Я живу по аксиоме: «Без политики нет искусства». Вы либо выбираете заниматься этим, либо выбираете политическую апатию. Это связано с идеями, касающимися производительности в реальном времени и обратной связи.
Мои идеи, как правило, возникают из ниоткуда, когда я намеренно не пытаюсь что-то придумать.
Как мы меняемся как культура и как каждый из нас индивидуально берет на себя ответственность за ту часть решения, за которую мы отвечаем, а именно за наше собственное поведение?
Я не против шока и ужаса. На самом деле, я действительно верю в то, что встреча с темными реалиями нашего времени станет первым шагом к выходу из отрицания. Итак, мы должны смотреть в темноту.
Одна культура, которую мне интересно сопоставить с американской культурой, — это культура Германии. Они прошли через долгий процесс через свое искусство, поэзию, публичный дискурс, свою политику, признание факта своего соучастия в том, что произошло во Второй мировой войне. Это до сих пор является темой повседневных разговоров в Германии.
Когда я узнал об этой трагедии, происходящей в Мидуэе, — вы знаете, об этих птицах, чьи желудки набиты горстями наших отходов, — меня просто притянуло туда магнетически.
Я стремлюсь к тому, чтобы зритель смотрел прямо на объект, как если бы он смотрел через окно на реальную вещь.
Я жажду иметь возможность фотографировать так, как рисует художник — свободно, выразительно.
Мы потеряли чувство возмущения, гнева и горя по поводу того, что происходит в нашей культуре прямо сейчас, что происходит в нашей стране, зверства, которые совершаются от нашего имени по всему миру. Они пропали без вести; эти чувства пропали.
Активация связана с изменением восприятия людьми упущенных из виду или невидимых пространств. Здание может стать архетипом, невидимым, как для жителя Нью-Йорка, например, Статуя Свободы. Вы смотрите на него, и он исчезает среди тысячи раз, которые вы уже видели.
Я просто все больше и больше осознаю эту поистине глубокую ответственность, которую мы несем как личности. И это ответственность не только перед нами и нашими семьями, но и перед миллиардами людей, которым еще предстоит прийти в будущем и которые будут иметь дело с нашим наследием.
Я ловлю себя на том, что иду по этим линиям. Например, я могу быть художником, но я также могу быть активистом. И я пытаюсь быть и тем, и другим, уважая и то, и другое, и не слишком сильно отклоняясь ни от того, ни от другого.

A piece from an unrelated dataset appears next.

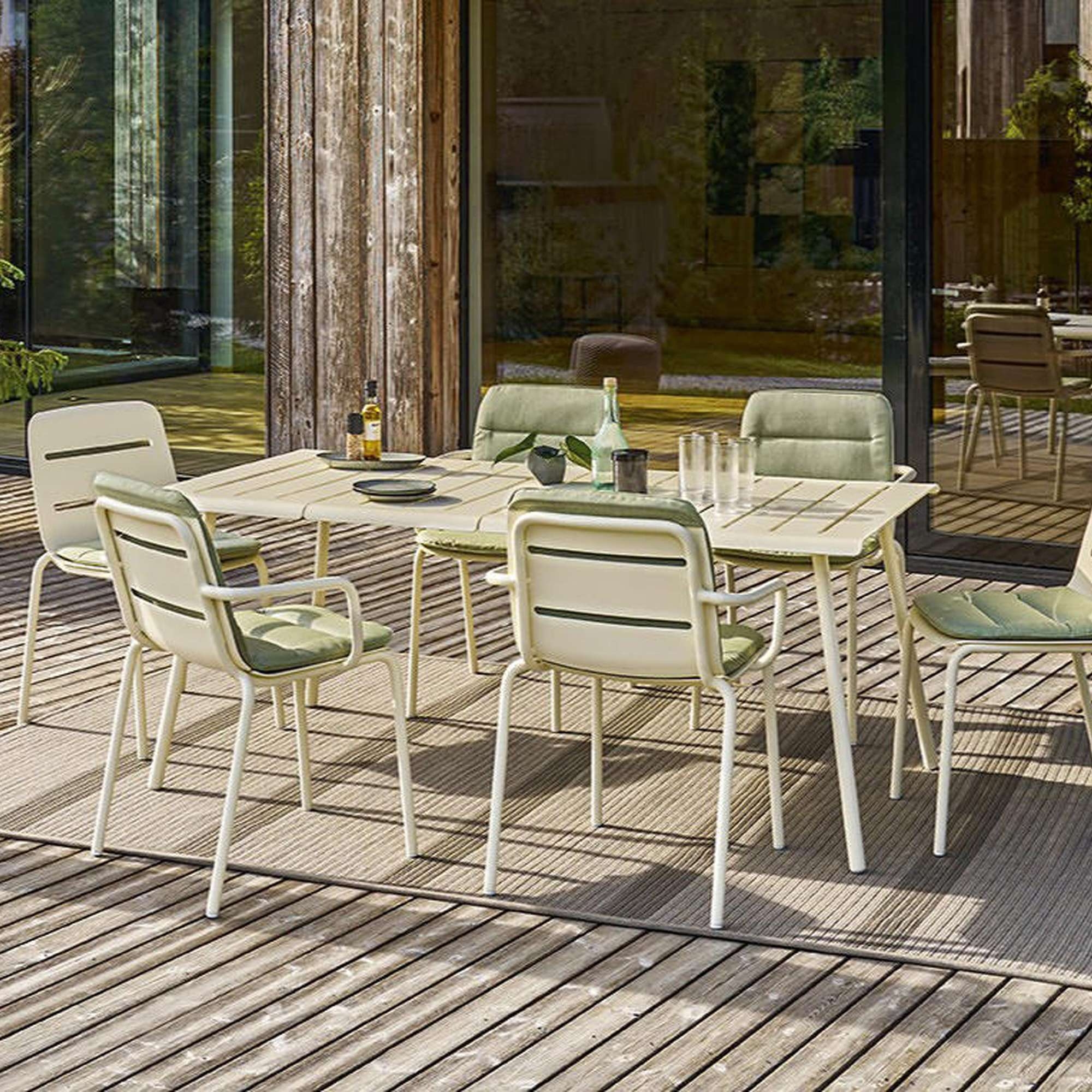 The Vapio outdoor table, measuring 180x90x74h cm and crafted from powder-coated aluminum, is a testament to an impeccable blend of innovation, design, and functionality, designed to enrich any outdoor setting with a distinctive touch of elegance. Available in 10 colors, this outdoor table embodies top-notch material selection, standing out with its sturdy and long-lasting structure. The powder-coated aluminum surface not only gives the table a sleek and modern appearance but also ensures protection against the elements and easy maintenance, allowing the table to remain in pristine condition season after season. Every Vapio table results from a meticulous design process that considers aesthetic trends as well as environmental impact. The choice of sustainable materials and environmentally-friendly production processes highlights Vapio's commitment to creating high-quality products that respect the planet. Designed by This Weber for Weishäupl, choosing the Vapio outdoor table means opting for furniture that perfectly balances beauty, innovation, and environmental responsibility. Bring contemporary design and functionality to your outdoor space with Vapio, and transform every moment into an unforgettable experience.

Американская культура не в том, чтобы переживать свой стыд, а в том, чтобы его отрицать. Так было всю нашу историю.
Я хочу, чтобы люди поняли, что они важны.
Раньше я был фотографом, а теперь я что-то вроде цифрового фотохудожника.

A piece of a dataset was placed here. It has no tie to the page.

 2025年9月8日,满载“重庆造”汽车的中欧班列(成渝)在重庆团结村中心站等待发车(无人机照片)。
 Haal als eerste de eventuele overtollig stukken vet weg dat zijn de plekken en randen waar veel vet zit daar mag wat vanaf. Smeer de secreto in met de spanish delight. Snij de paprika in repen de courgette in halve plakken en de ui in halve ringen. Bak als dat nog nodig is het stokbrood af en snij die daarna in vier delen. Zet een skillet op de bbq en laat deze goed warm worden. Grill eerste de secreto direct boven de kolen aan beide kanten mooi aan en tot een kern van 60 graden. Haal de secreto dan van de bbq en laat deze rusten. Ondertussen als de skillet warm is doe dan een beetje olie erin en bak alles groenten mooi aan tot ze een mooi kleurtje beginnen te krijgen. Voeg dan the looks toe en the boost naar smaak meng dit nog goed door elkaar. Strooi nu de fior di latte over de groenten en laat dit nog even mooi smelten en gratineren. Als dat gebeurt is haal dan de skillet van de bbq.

Настройте свой компас на красоту, юмор и горе; держись курса, несмотря ни на что, и я поддержу тебя всем, что у меня есть.

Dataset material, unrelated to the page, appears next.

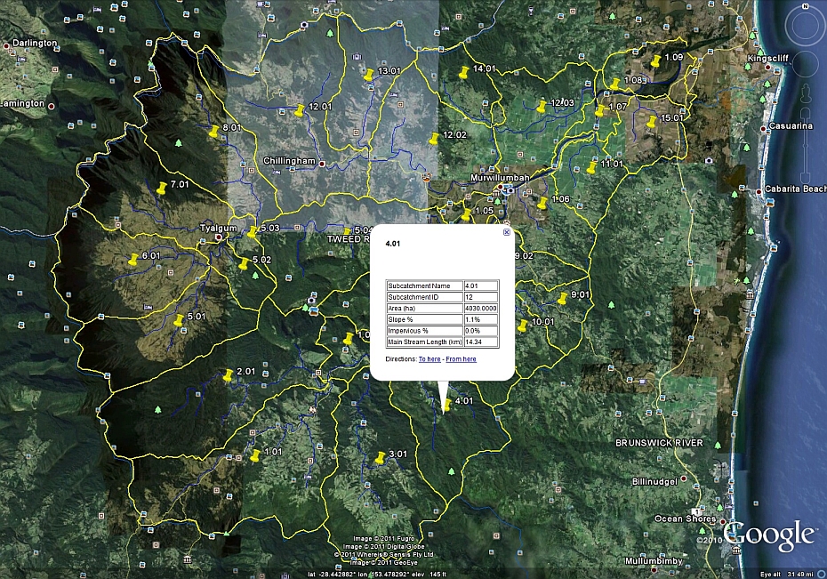 As shown below, the subcatchments and streams are superimposed on the Google Earth background. You can interrogate a subcatchment in Google Earth by simply clicking on the push-pins located at the centroid of the subcatchments, as shown below.

Я знаю, что если бы я делал уродливые фотографии, никому бы не было интересно на них смотреть.
Нет публики, которой нужно меняться. Это каждый из нас.
Моя работа посвящена поведению, которое мы все совершаем бессознательно на коллективном уровне. И что я имею в виду под этим, так это поведение, которое мы отрицаем, и то, что действует под поверхностью нашего повседневного осознания. И как личности, мы все делаем эти вещи постоянно, каждый день.
Я не интересовался политикой. Мое отношение к этому было таким: я ничего не могу изменить, что бы я ни делал. И правда в том, что я даже не хочу пытаться.
Я думаю, что в американской культуре огромное количество непризнанной враждебности.
Если вы сядете среди сотен тысяч альбатросов в поле, довольно скоро вы будете полностью окружены ими, поскольку они подходят к нам, грызут наши шнурки и просто смотрят прямо на нас из любопытства.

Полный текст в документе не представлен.